Memory blocks represent a section of an agent’s context window. An agent may have multiple memory blocks, or none at all. A memory block consists of:

  • A limit, corresponding to the character limit of the block (i.e. how many characters in the context window can be used up by this block)
  • A value, corresponding to the data represented in the context window for this block
  • A label, corresponding to the type of data represented in the block (e.g. human, persona)
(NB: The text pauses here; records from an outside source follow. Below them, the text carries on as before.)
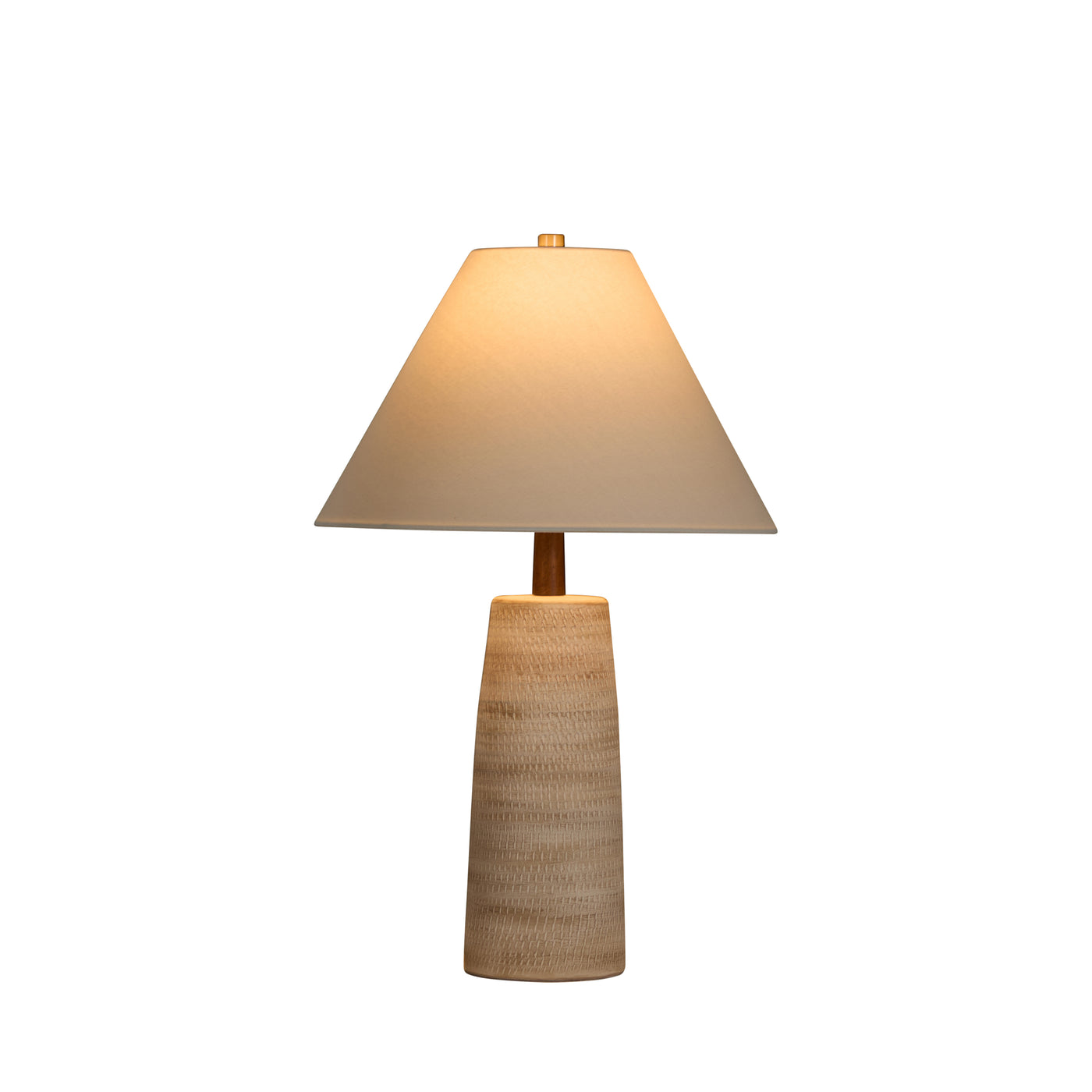 The Breeze Tall Table Lamp brings the same serene texture and character as the classic Breeze design, reimagined in a sleek, elongated form. Its tubular rectangular ceramic base subtly widens toward the bottom, hand-brushed in a soft white finish with delicate notch-like detailing for understated dimension. A wooden stem adds warmth and natural elegance, while the angled white linen shade introduces a modern twist and diffuses light beautifully. Compact yet visually striking, the Breeze Tall Table Lamp is perfect for side tables, nightstands, or console surfaces, effortlessly enhancing both contemporary and transitional interiors.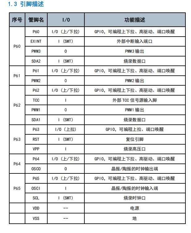 ● P63(復(fù)位引腳)可配置上拉和輸出
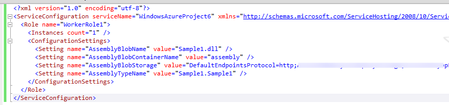 | var assemblyName = RoleEnvironment.GetConfigurationSettingValue("AssemblyBlobName"); | |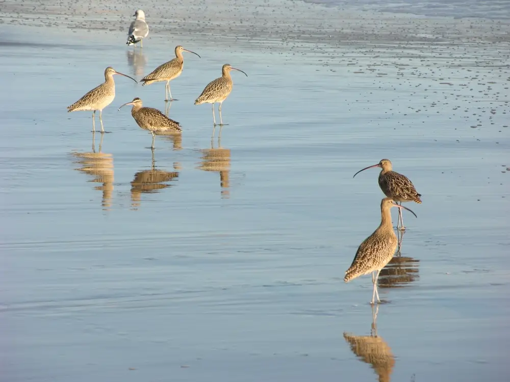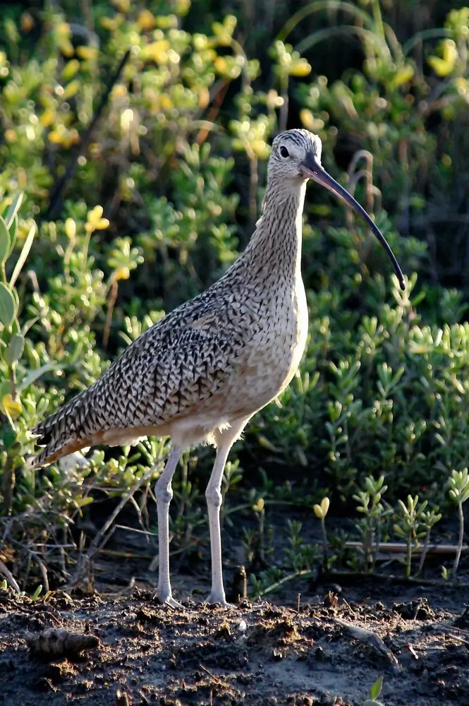 The long-billed curlew breeds on plains, grasslands, and prairies. It spends the winter on lake and river shores, marshes, mudflats, and sandy beaches.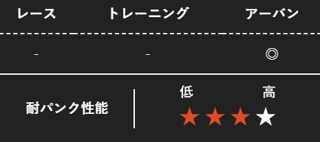 スムーズな路面走行性+ウェット路面での安全性を両立させたグルーブスリックデザインにより、ドライ・ウェット問わず安定したグリップを提供。耐パンク性能に優れたマックスシールドを採用。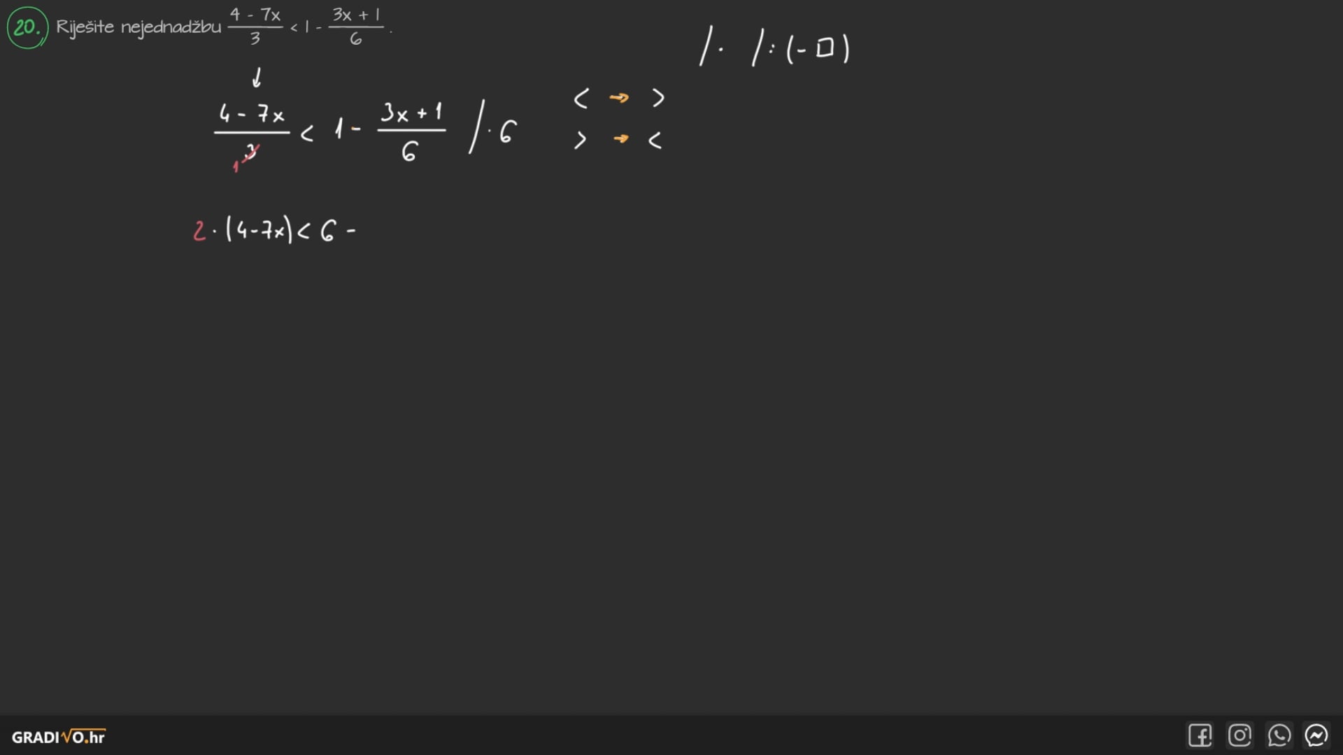 Riješite nejednadžbu $\frac{4-7 x}{3}<1-\frac{3 x+1}{6}$.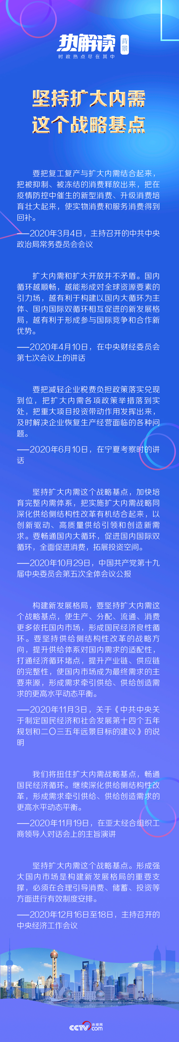 《熱解讀》梳理發(fā)現(xiàn),“擴大內需”一詞在今年的高層會議中被反復提及,3月4日召開的中共中央政治局常務委員會會議指出“要把復工復產與擴大內需結合起來,把被抑制、被凍結的消費釋放出來”;9月8日,習近平總書記在全國抗擊新冠肺炎疫情表彰大會上強調“牢牢把握擴大內需這個戰(zhàn)略基點,保護和激發(fā)市場主體活力”;黨的十九屆五中全會提出“堅持擴大內需這個戰(zhàn)略基點,加快培育完整內需體系,把實施擴大內需戰(zhàn)略同深化供給側結構性改革有機結合起來,以創(chuàng)新驅動、高質量供給引領和創(chuàng)造新需求”……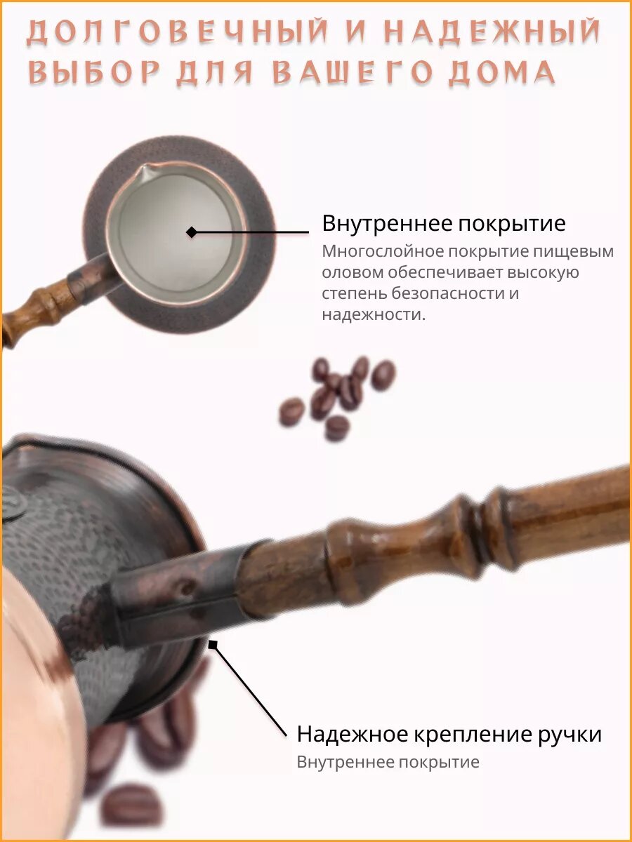 Турка для кофе медная цельная 230 мл информация: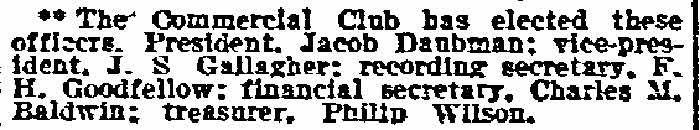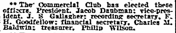 Jacob Daubman - J.S. Gallagher - F.H. Goodfellow - Charles M. Baldwin - Philip Wilson - Commercial Club |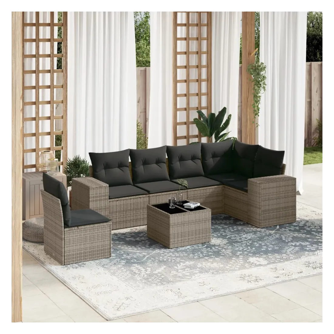 Cet ensemble de canapés de jardin est le complément parfait de votre arrière-cour, terrasse ou patio, offrant un espace confortable et accueillant pour discuter avec la famille et les amis ou simplement se détendre et profiter de l'extérieur. Matériau durable : la résine tressée, également connue sous le nom de poly rotin, est un matériau synthétique solide et nécessitant peu d'entretien qui ressemble au rotin naturel. Il est léger, facile à nettoyer et couramment utilisé pour les meubles d'extérieur en raison de sa durabilité et de ses propriétés de résistance aux intempéries.Expérience d'assise confortable : ce mobilier d'extérieur, doté de coussins épais, offre une expérience d'assise confortable.Dessus en verre : le dessus de la table d'extérieur est fabriqué en verre trempé solide et durable, ce qui le rend facile à nettoyer avec un chiffon humide et ajoute une touche d'élégance à votre espace extérieur.Housse amovible et lavable : ces coussins de siège sont dotés de housses amovibles pour un lavage et un entretien faciles.Conception modulaire : cet ensemble de meubles d'extérieur a une conception modulaire, ce qui le rend complètement flexible et facile à déplacer, afin que vous puissiez créer un agencement de meubles d'extérieur personnalisé. Bon à savoir :Pour que vos meubles d'extérieur restent beaux, nous vous recommandons de les protéger avec une housse imperméable.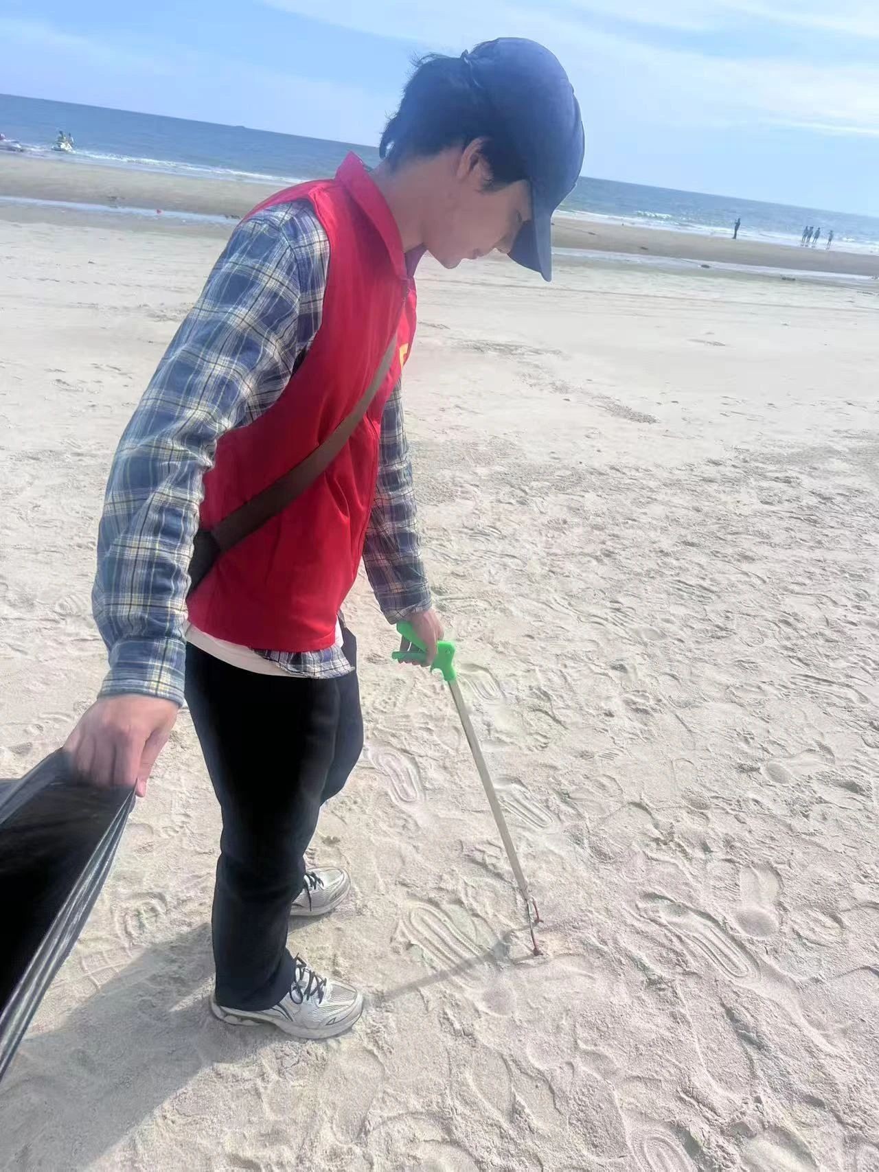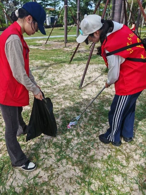 活动当天,在老师的分工下,各组领取清洁工具,为净滩行动做好充足准备。抵达银滩后,志愿者们迅速分头行动,手持工具,仔细搜寻每一处角落,将海滩上的塑料瓶、碎纸片、果皮等废弃物逐一“收入囊中”。他们互相配合,弯腰、捡拾、分类……动作重复却充满力量。烈日炎炎下,汗水浸湿了衣衫,但大家的热情丝毫不减。

Creating an agent with memory blocks

When you create an agent, you can specify memory blocks to also be created with the agent. For most chat applications, we recommend create a human block (to represent memories about the user) and a persona block (to represent the agent’s persona).

1# install letta_client with `pip install letta-client`
2from letta_client import Letta
3
4# create a client to connect to your local Letta Server
5client = Letta(
6 base_url="http://localhost:8283"
7)
8
9# create an agent with two basic self-editing memory blocks
10agent_state = client.agents.create(
11 memory_blocks=[
12 {
13 "label": "human",
14 "value": "The human's name is Bob the Builder.",
15 "limit": 5000
16 },
17 {
18 "label": "persona",
19 "value": "My name is Sam, the all-knowing sentient AI.",
20 "limit": 5000
21 }
22 ],
23 model="openai/gpt-4o-mini",
24 embedding="openai/text-embedding-3-small"
25)

When the agent is created, the corresponding blocks are also created and attached to the agent, so that the block value will be in the context window.

Creating and attaching memory blocks

You can also directly create blocks and attach them to an agent. This can be useful if you want to create blocks that are shared between multiple agents. If multiple agents are attached to a block, they will all have the block data in their context windows (essentially providing shared memory).

Below is an example of creating a block directory, and attaching the block to two agents by specifying the block_ids field.

1# create a persisted block, which can be attached to agents
2block = client.blocks.create(
3 label="organization",
4 value="Organization: Letta",
5 limit=4000,
6)
7
8# create an agent with both a shared block and its own blocks
9shared_block_agent1 = client.agents.create(
10 name="shared_block_agent1",
11 memory_blocks=[
12 {
13 "label": "persona",
14 "value": "I am agent 1"
15 },
16 ],
17 block_ids=[block.id],
18 model="openai/gpt-4o-mini",
19 embedding="openai/text-embedding-3-small"
20)
21
22# create another agent sharing the block
23shared_block_agent2 = client.agents.create(
24 name="shared_block_agent2",
25 memory_blocks=[
26 {
27 "label": "persona",
28 "value": "I am agent 2"
29 },
30 ],
31 block_ids=[block.id],
32 model="openai/gpt-4o-mini",
33 embedding="openai/text-embedding-3-small"
34)

You can also attach blocks to existing agents:

1client.agents.blocks.attach(agent_id=agent.id, block_id=block.id)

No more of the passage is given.